**** DATA SECTION ****

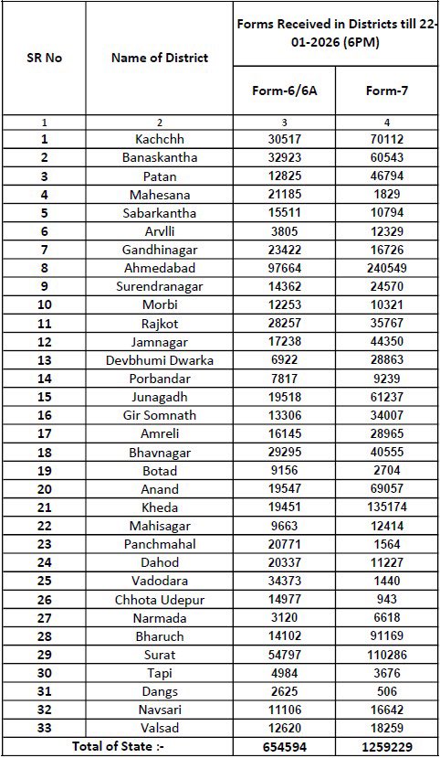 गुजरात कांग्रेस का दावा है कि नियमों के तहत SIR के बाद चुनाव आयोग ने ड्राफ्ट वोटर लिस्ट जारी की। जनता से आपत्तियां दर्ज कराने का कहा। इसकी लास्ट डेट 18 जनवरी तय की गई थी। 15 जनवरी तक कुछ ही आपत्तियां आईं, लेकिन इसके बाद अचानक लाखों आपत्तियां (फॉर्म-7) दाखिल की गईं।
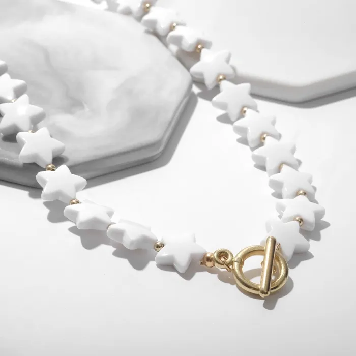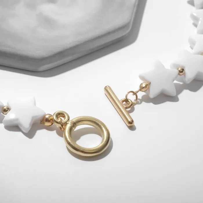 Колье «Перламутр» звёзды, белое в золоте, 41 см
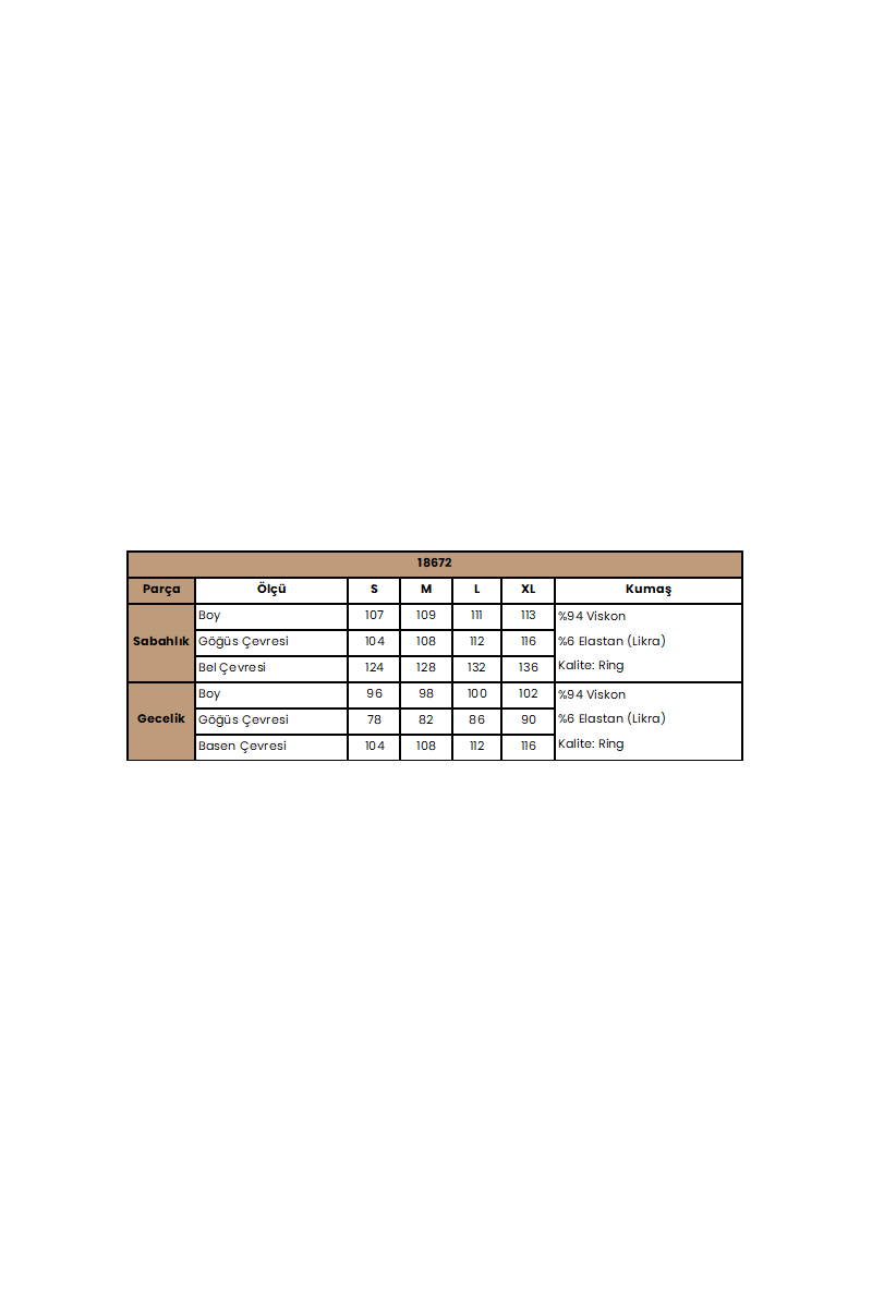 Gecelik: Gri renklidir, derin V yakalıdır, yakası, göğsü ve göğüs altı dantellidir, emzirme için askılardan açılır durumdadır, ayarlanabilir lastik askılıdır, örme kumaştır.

****

HOW TO COMPLETE THIS TASK
All of the data above needs to be retyped exactly, with the pictures removed.

OUTPUT
 गुजरात कांग्रेस का दावा है कि नियमों के तहत SIR के बाद चुनाव आयोग ने ड्राफ्ट वोटर लिस्ट जारी की। जनता से आपत्तियां दर्ज कराने का कहा। इसकी लास्ट डेट 18 जनवरी तय की गई थी। 15 जनवरी तक कुछ ही आपत्तियां आईं, लेकिन इसके बाद अचानक लाखों आपत्तियां (फॉर्म-7) दाखिल की गईं।
 Колье «Перламутр» звёзды, белое в золоте, 41 см
 Gecelik: Gri renklidir, derin V yakalıdır, yakası, göğsü ve göğüs altı dantellidir, emzirme için askılardan açılır durumdadır, ayarlanabilir lastik askılıdır, örme kumaştır.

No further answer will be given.